**EXERCISE BRIEF**
Print the line containing "Теги:сказочныйвечер, весна, весенний", then every line after it through the end of the material, exactly as written and without pictures.

**PROVIDED RECORDS**
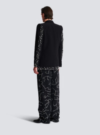 Crepe 1-button jacket with Constellation embroidery - Italian tailored collar - Tone-on-tone satin lapels - Structured shoulders - Long sleeves - Straight cuffs with 3 press studs - Breast pocket - 2 side slash pockets with flaps - Fastening with 1 press stud - Bead and rhinestone embroidery - 2 slash inside pockets with buttons - Satin lining - Straight cut - Model measures 188cm and wears a size 48 - Main material: 100% viscose - Made in India - Item: EH0SE444PC76100% of the viscose fibres used to make this garment come from certified, sustainably managed forests
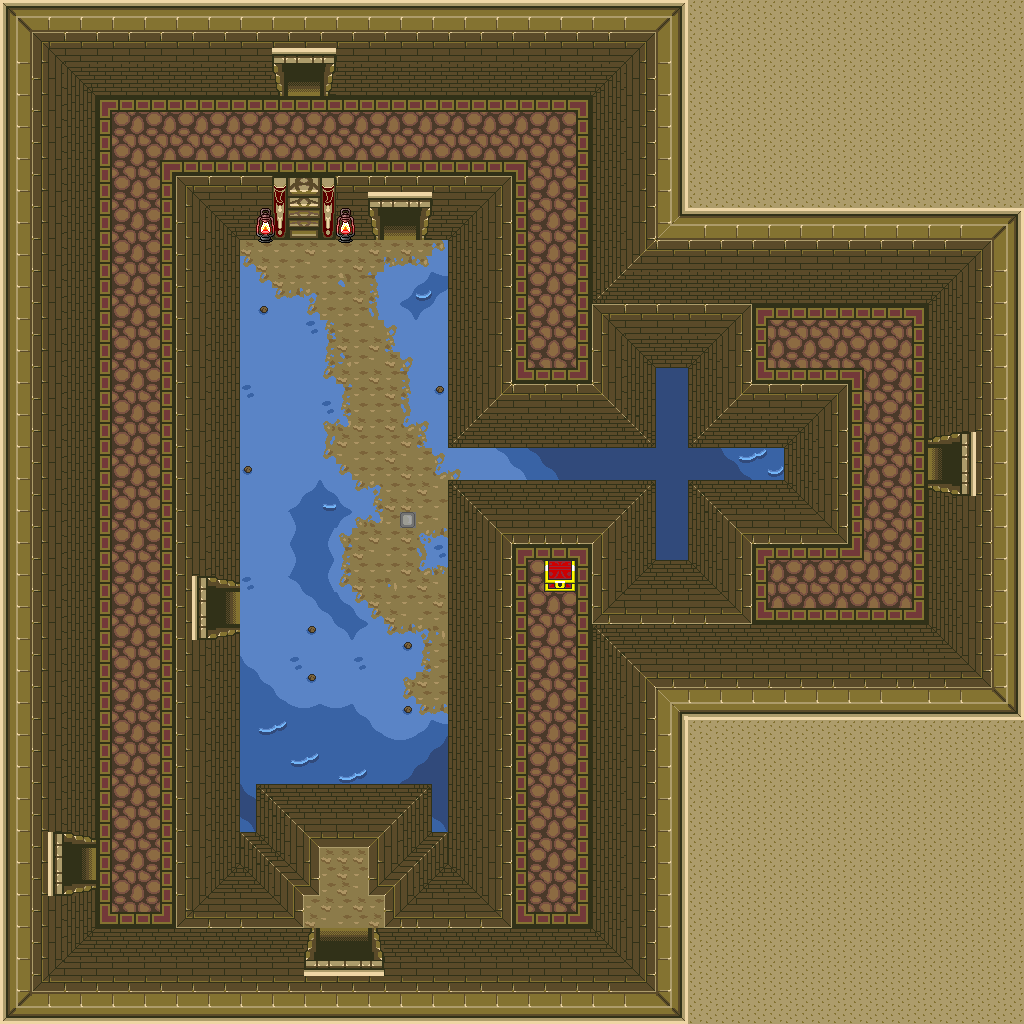 The graal of water quest, though never complete due to baddy issues and weapon issues (namely the birdshot, which is pretty much equivalent to a hookshot), did have a complete set of levels and puzzles. A lot of the clientside code was written pre-GScript2, which would no longer be supported (in contrast to the castle dungeon quest I posted about earlier). This is the first level. You get approached for help. That's pretty much the deal here. Here we see one of the first central levels, i.e. you might have ended up coming back here many times. That whirlpool shaped thing was actually replaced by an actual animation, but it was there to signify in the tiling where those would go. The whirlpool affected the players movement like you'd expect (that scripting was done). It would dump you out in another level. Here's the level it would dump you out in. The doors here would be numbered, and you'd have to keep track of them in order to complete the quest (hinted by an NPC in another level). The door you chose would be different depending on what path you took in another level. This was a path choice. It was filled with blocks that you could move, but only in the sense that depending on which way you moved the first one, you'd end up at only one of those two doors at the right side of the level. Only one of those whirlpools actually took you somewhere, but I bet on you being worried about picking the wrong one. The other would take you somewhere else, but only after the quest was complete. Here is a screenshot of the boss that I provided earlier in the thread depicting the boss battle. After the battle, you could obtain the Graal of Water (or whatever it was called). Before that, however, you'd have to get through this maze that I posted a screenshot of earlier. |
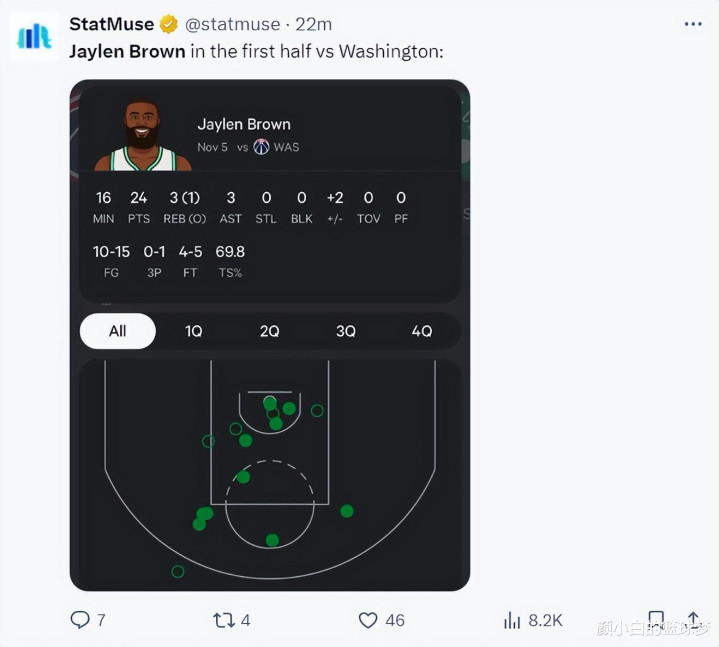 上半场布朗出战16分钟,15中10,罚球5中4,拿刀片24分3篮板3助攻,命中率66.7%,真实命中率69.8%,他就是绿凯大比分领先奇才的关键人物。
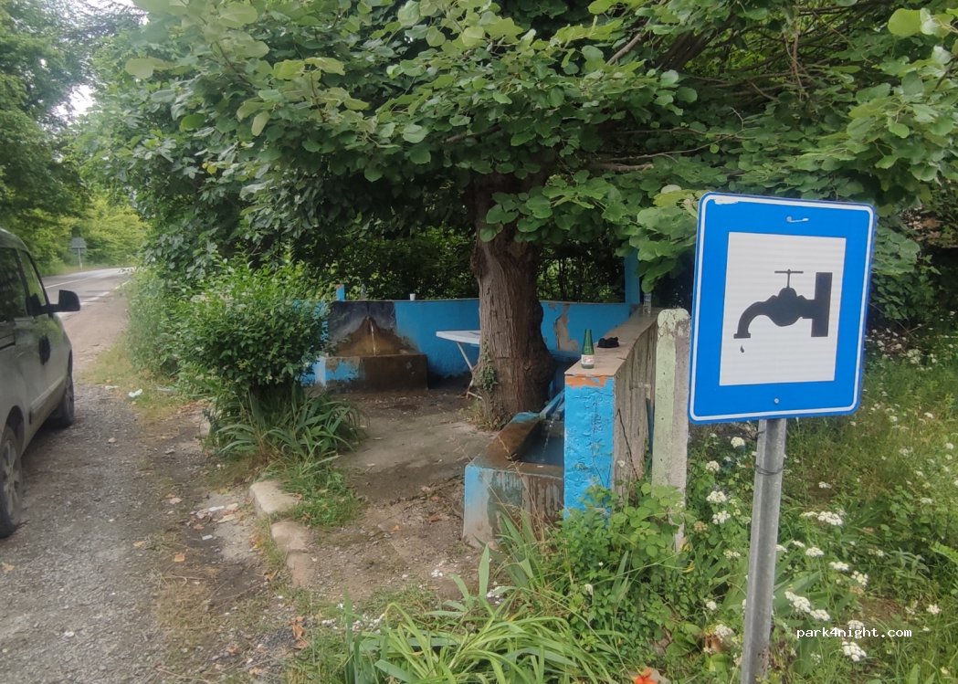 Continuously flowing cold natural spring water. It can be safely consumed and filled into the vehicle.
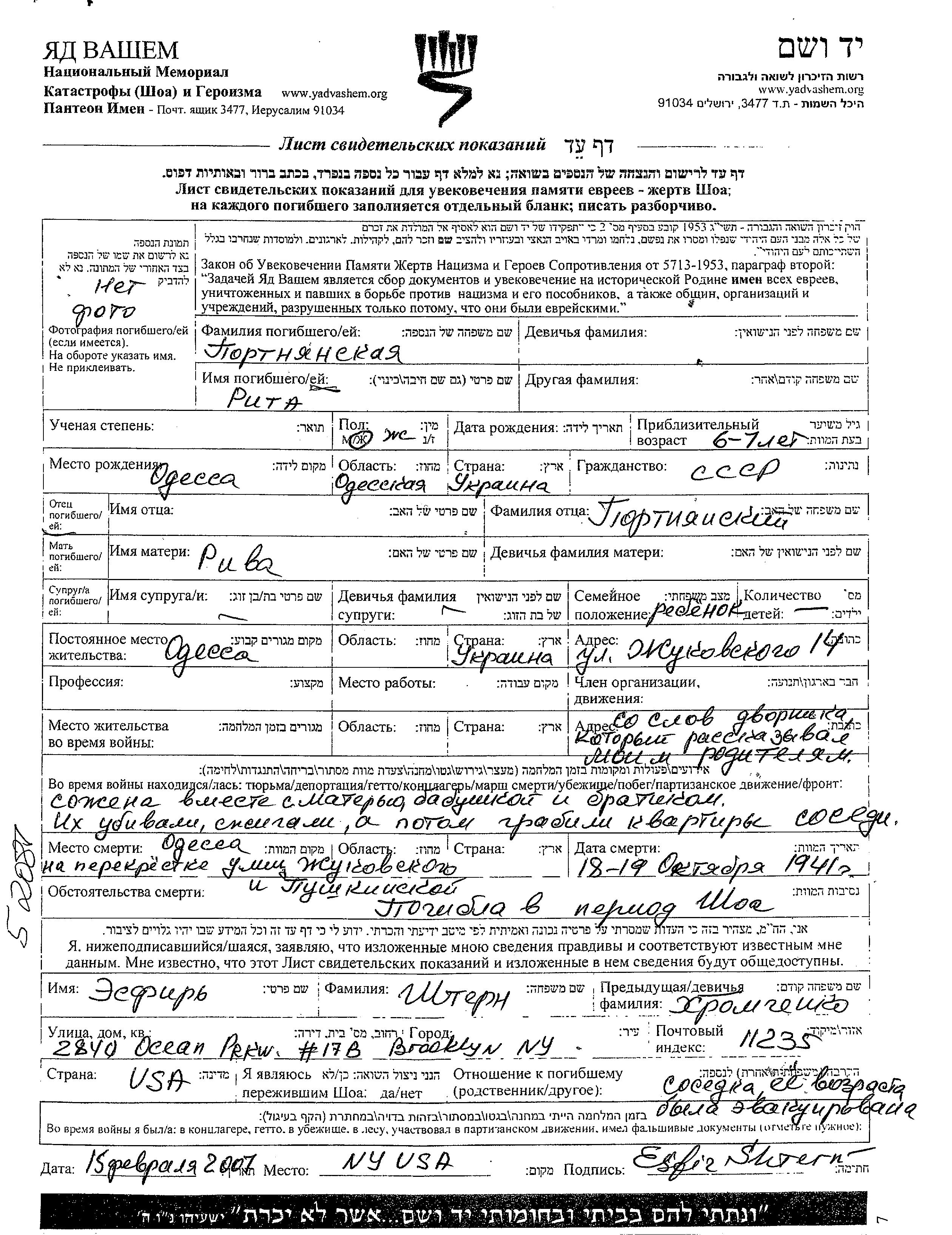 Rita Portnyanskaya wurde in Odessa, Ukraine (UdSSR) geboren. Sie war die Tochter von Riva. Sie war Kind. Vor dem Zweiten Weltkrieg lebte sie in Odessa, Ukraine (UdSSR). Während des Krieges war sie in Odessa, Ukraine (UdSSR).
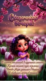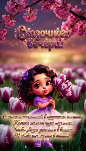 Теги:сказочныйвечер, весна, весенний вечер, тюльпаны, девочка, открытка для всех
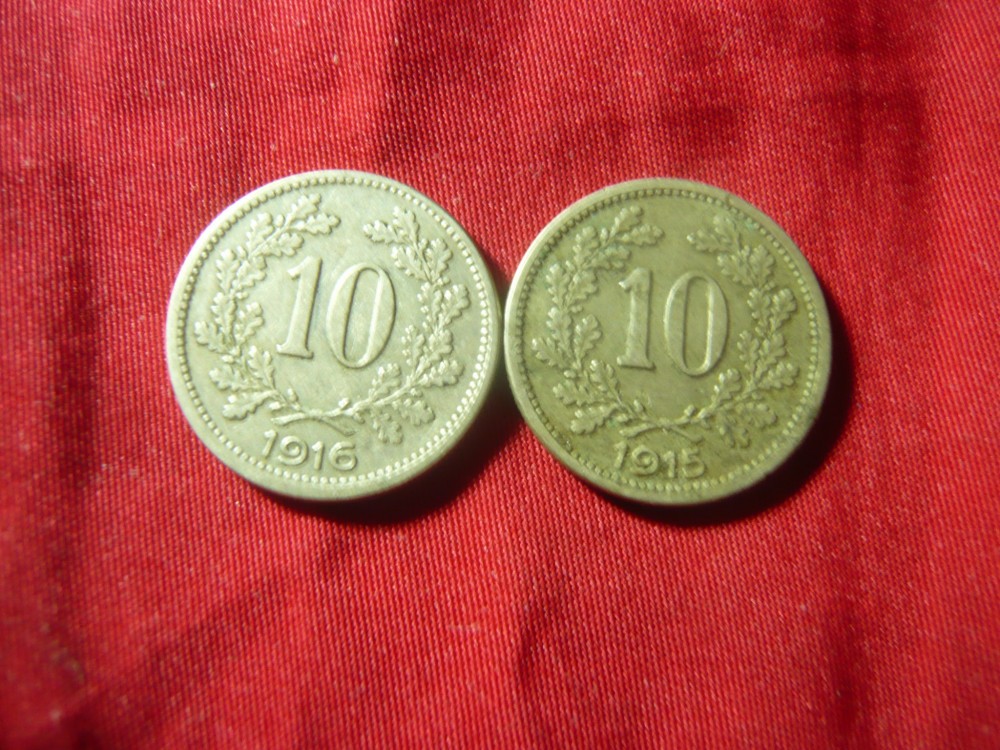 2 Monede 10 halleri 1915 si 1916 , Cu-Ni-Zn , cal. F.Buna
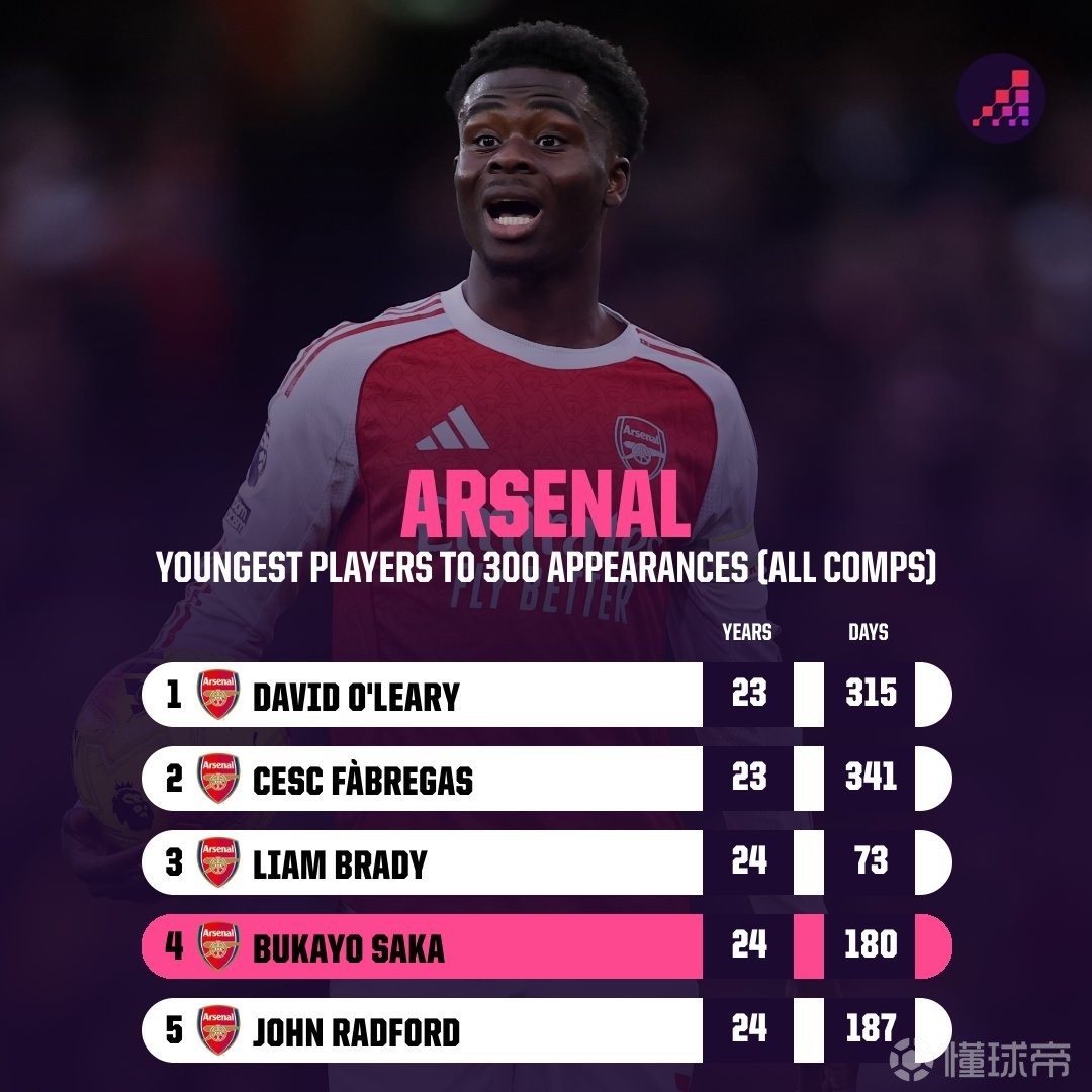 英超第29轮,阿森纳客场对阵布莱顿,24岁的萨卡迎来阿森纳生涯第300次出场,成为达成这一里程碑第四年轻的球员。

**EXERCISE ANSWER**
 Теги:сказочныйвечер, весна, весенний вечер, тюльпаны, девочка, открытка для всех
 2 Monede 10 halleri 1915 si 1916 , Cu-Ni-Zn , cal. F.Buna
 英超第29轮,阿森纳客场对阵布莱顿,24岁的萨卡迎来阿森纳生涯第300次出场,成为达成这一里程碑第四年轻的球员。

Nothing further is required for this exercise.